At the time of the offence the defendant was a sports enthusiast and semi-professional athlete, as were many of her friends and family members. The Crown argued at trial that the murder was prompted by the defendant’s wish not to have a child interfere with her goal of representing Australia in water polo at the 2000 Olympics in Sydney.

Held: Whealy J sentenced the defendant (by then aged 35 years) to 18 years imprisonment, to serve a minimum of 13 years and five months. He did not take the option of imposing a sentence of life imprisonment. Relevant to the sentencing decision were the factors that –

1. The killing of a child by its mother is “tore asunder the natural relationship between mother and daughter”

2. The offence had been premeditated for a short period.

3. Aggravating factors were the age of the victim and that the murder involved abuse of a position of trust.

4. The Court accepted that she had murdered her daughter “in a situation of desperation … [from which] from her perception there was simply no way out”. His Honour accepted that Lane was unlikely to reoffend and presented no risk to the community.
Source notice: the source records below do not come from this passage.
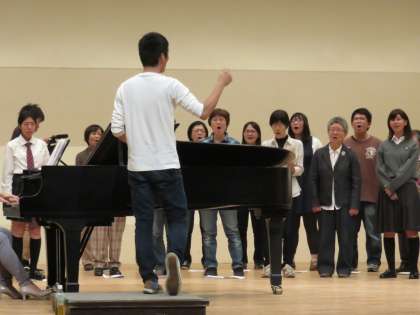 いよいよ歌の練習です。大人の声が入るので,厚みのある合唱になっていきます。
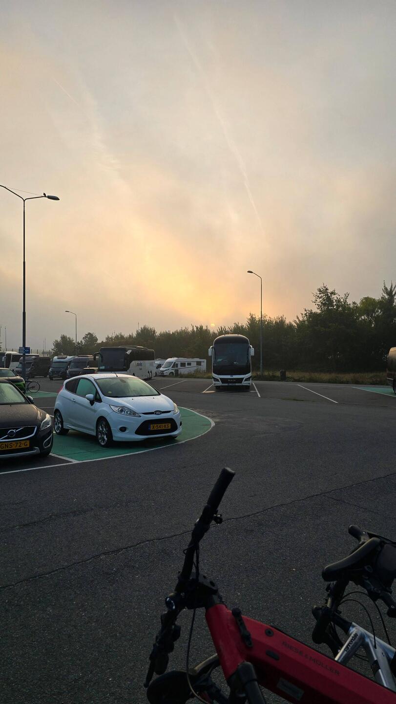 Erster Trip nach Calais, wo wir über Nacht stehen. Damit wir am Nächsten Tag früh auf die Fähre kommen.
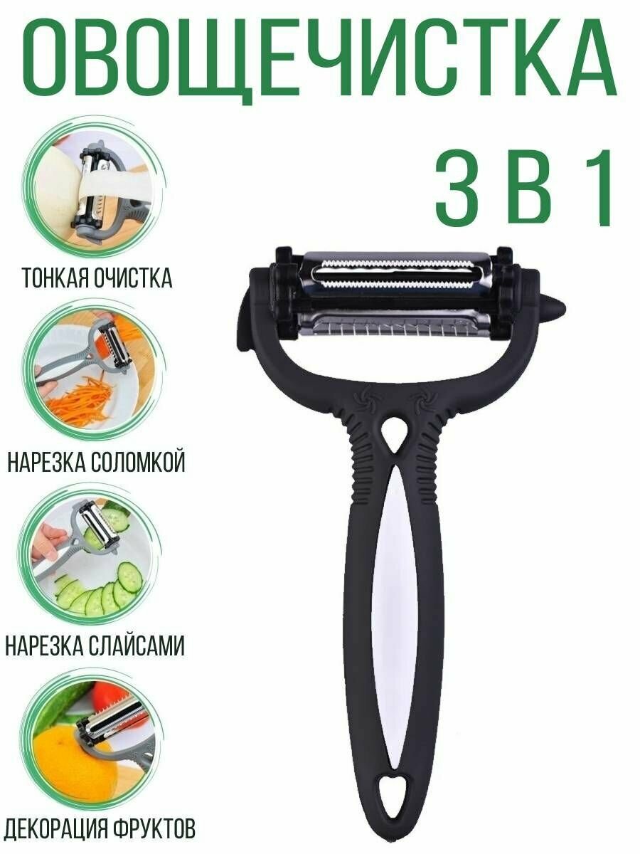 10 цен на Фрукто - овощечистка универсальная 3в1, с 3мя видами лезвий для овощей и фруктов, черный
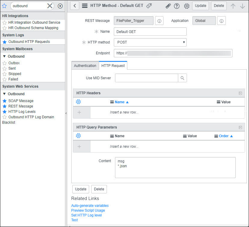For details on how to set up REST calls using ServiceNow, see ServiceNow documentation.
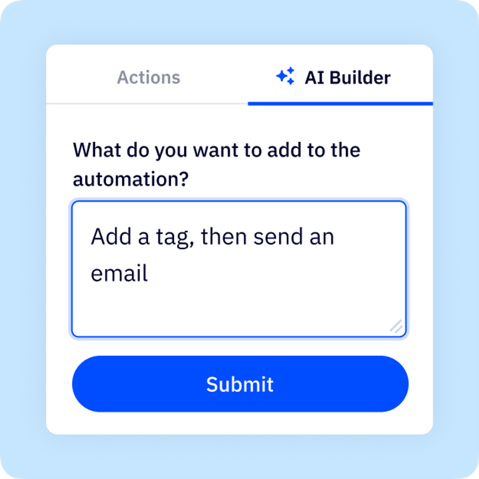 Automate more, faster. Our automation builder combines powerful and flexible actions, conversational AI, and an intuitive drag-and-drop interface.

The defendant’s (perhaps excessive) passion for sports appears not to have been an aggravating factor.


Whealy J’s sentencing remarks are restricted. This report has been prepared based on reports prepared by the Australian Broadcasting Corporation and the Sydney Morning Herald.

An appeal against conviction to the Court of Criminal Appeal was dismissed: Lane v R [2013] NSWCCA 317. It appears no attempt was made to appeal to the High Court of Australia.